▸ Information shown
========================================================================
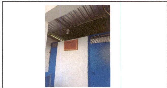
Foto1: puertas de metal del baño y la estructura de metal del techo y lamina dentro del baño
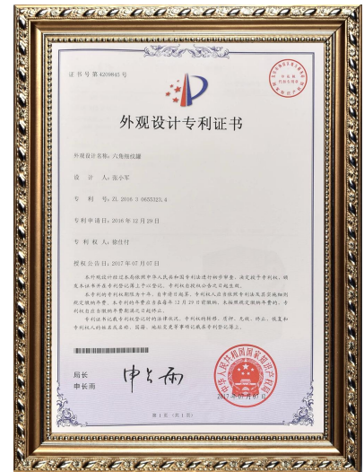
رقم البراءة: 201630655323.4
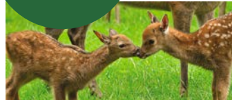
Der Sikahirsch, eigentlich in Ostasien heimisch, lebt hier im Arnsberger Wald.
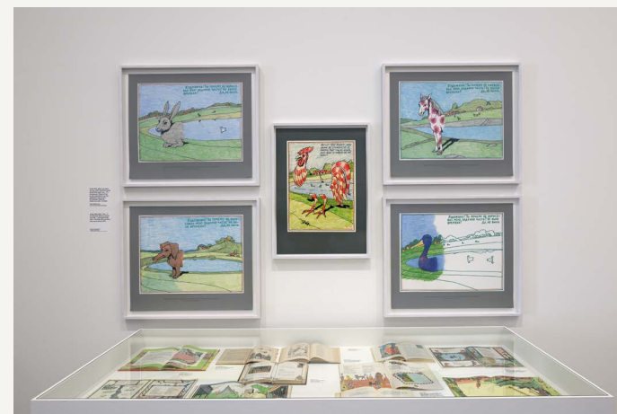
Dwarsverbinding #4: Kabakov Kabinet, 2023
========================================================================
▸ Task statement
Would you return the data above exactly as written, minus the images?

▸ Output of the task
Foto1: puertas de metal del baño y la estructura de metal del techo y lamina dentro del baño
رقم البراءة: 201630655323.4
Der Sikahirsch, eigentlich in Ostasien heimisch, lebt hier im Arnsberger Wald.
Dwarsverbinding #4: Kabakov Kabinet, 2023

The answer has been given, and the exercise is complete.